The BPDA was introduced by the Mayor at his annual Chamber of Commerce speech in 2016, and the organization has already begun implementing the designed brand and organizational strategy. Employees are leading distinct work streams to drive engagement in new ways, create new avenues to partner with the public, and communicate the agency’s impact across a variety of channels.

When employees present the BPDA’s work, they emphasize how it will help the community better “live, work, and connect.” More open and transparent, they now highlight not just square footage and cost, but how many new affordable housing units a building will add, how many construction jobs it will create and how it will enable sustainable transportation. The BPDA now offers public tours, in their own space, of their model of the City of Boston (1:40 inch scale), as well as walking tours of new major developments in planning process, such as the L Street Edison Power Plant.

The agency’s employees are using the tools we provided to create pilot programs across the organization.
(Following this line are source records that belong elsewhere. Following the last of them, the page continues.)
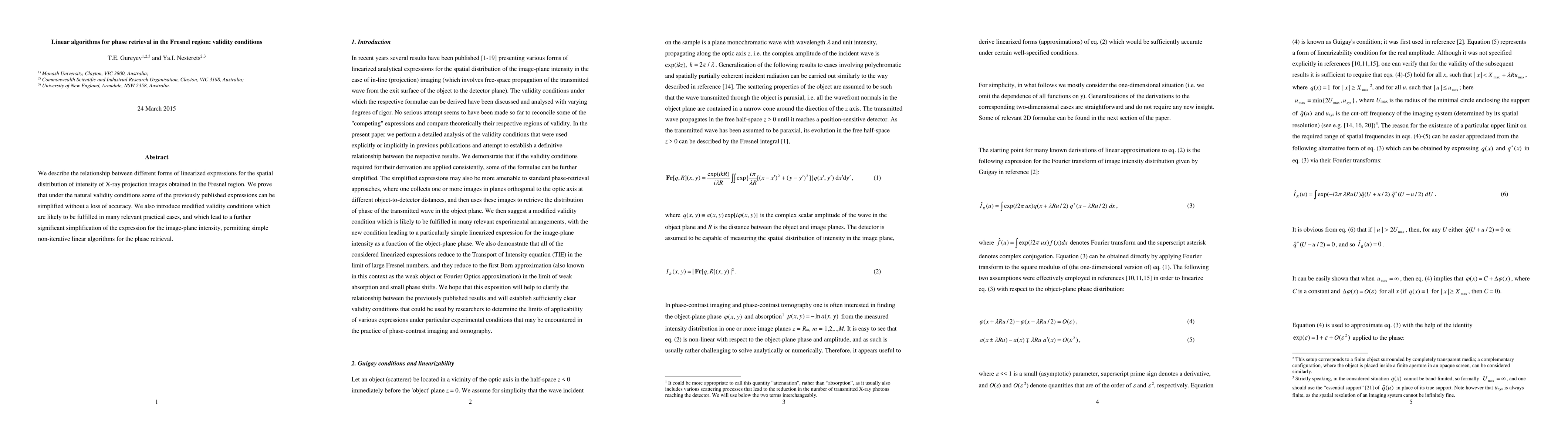 We describe the relationship between different forms of linearized expressions for the spatial distribution of intensity of X-ray projection images obtained in the Fresnel region. We prove that under the natural validity conditions some of the previously published expressions can be simplified without a loss of accuracy. We also introduce modified validity conditions which are likely to be fulfilled in many relevant practical cases, and which lead to a further significant simplification of the expression for the image-plane intensity, permitting simple non-iterative linear algorithms for the phase retrieval.
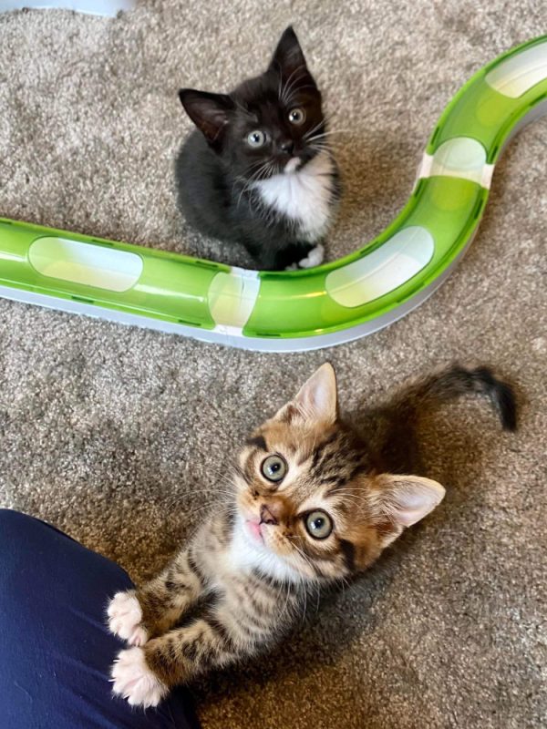 These two perfect little boys have been very close from the beginning. They are always playing together and grooming each other (or planning more ways to get up to mischief!). They’re very inquisitive young lads.. their favourite toy is the senses circuit – they could spend hours batting the ball around and pouncing at the lights!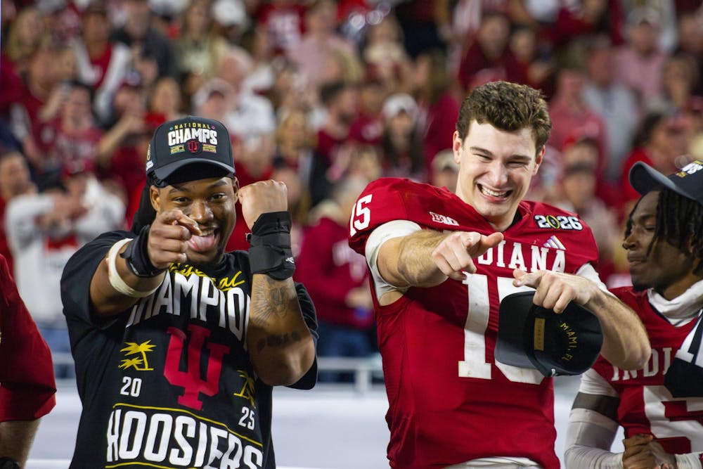 Redshirt senior defensive lineman Mikail Kamara (left) and redshirt junior quarterback Fernando Mendoza (right) point to the camera following their national championship win over Miami on Jan. 19, 2026, at Hard Rock Stadium in Miami Gardens, Florida. The pair were named the defensive and offensive players of the game.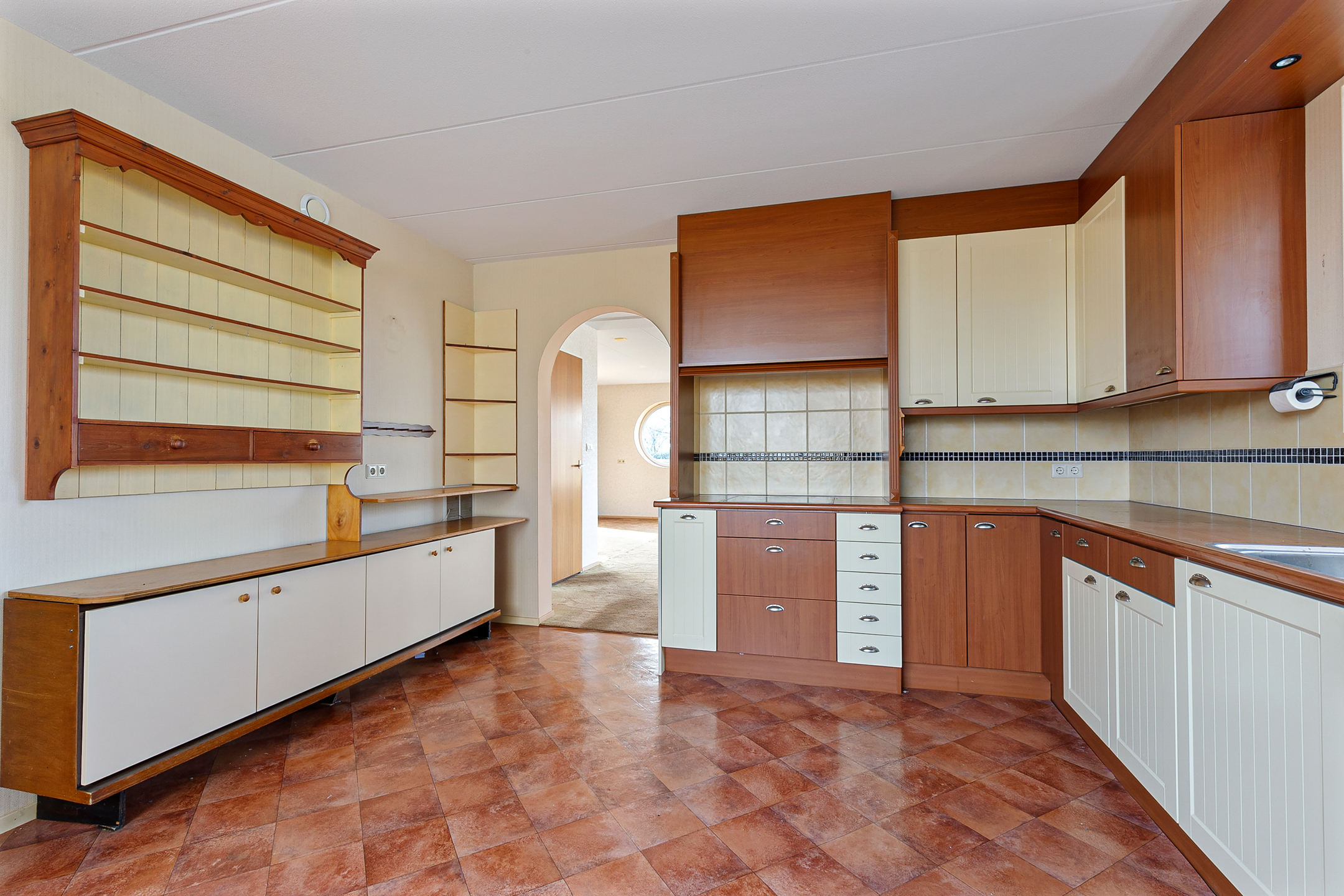 De ruime woonkeuken is voorzien van inbouwapparatuur en een sfeervolle erker met uitzicht over de tuin en weilanden. Verder vindt u op de begane grond een bijkeuken, een royale slaapkamer met tuindeuren, een badkamer met toilet, wastafel en douche, alsmede toegang tot de inpandige garage.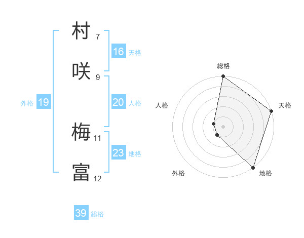 村咲 梅富さんを姓名の画数から五運を鑑定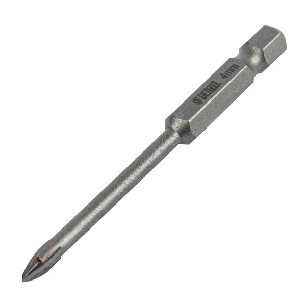 Сверло Denzel 728023 диаметром 4 мм, с крестовой пластиной и шестигранным хвостовиком, используется для сверления керамической плитки, стекла и других материалов с помощью дрели или шуруповерта. Четырехкромочная режущая пластина обеспечивает высокую скорость засверливания. Оснастка выдерживает высокие нагрузки и подходит для интенсивного профессионального использования.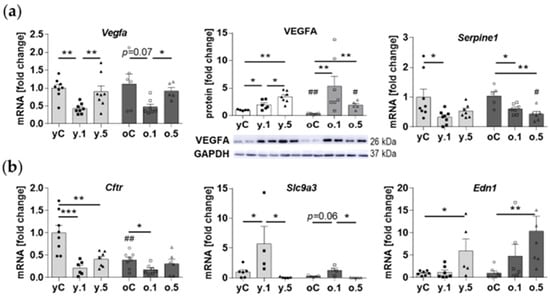 Verification of the results of the PCR array revealed some interesting observations regarding the expression levels of the genes related to hypoxia and osmotic stress. Vascular Endothelial Growth Factor A (VEGFA), produced in the kidney predominantly by podocytes, plays vital roles for glomerular endothelial cells’ and podocytes’ physiological functions []. The mRNA levels of Vegfa in the rat kidney were altered by both doses of FF in a similar manner: the levels in control animals did not differ between age groups, whereas 0.1% FF decreased, and 0.5% FF returned Vegfa expression to the control values (Figure 5a). This pattern of response was challenged at the protein level since the lower FF dose increased VEGF expression in both age groups, whereas the higher FF dose increased VEGF in the kidney of young rats and decreased in old animals. Furthermore, in both age groups of animals low-dose FF reduced the expression of Serpine1 (encoding Plasminogen Activator Inhibitor 1, PAI-1) (Figure 5a), which is under transcriptional control of Hypoxia Inducible Factor 1 (HIF-1) []. Serpine1 expression was also inhibited by high-dose FF in old rats (Figure 5a).

These cross-functional pilot teams are meeting regularly to find ways to serve the community better. Mayor Walsh recently presented innovation excellence awards to three employees for their web-based Property Management Solution project—a project which began before our involvement—which allows the BPDA to manage, in an effective and digital manner, its leases.

From our experience, we know that serious organizational change takes time, but it’s clear that the BPDA is building a new organization for the 21st century.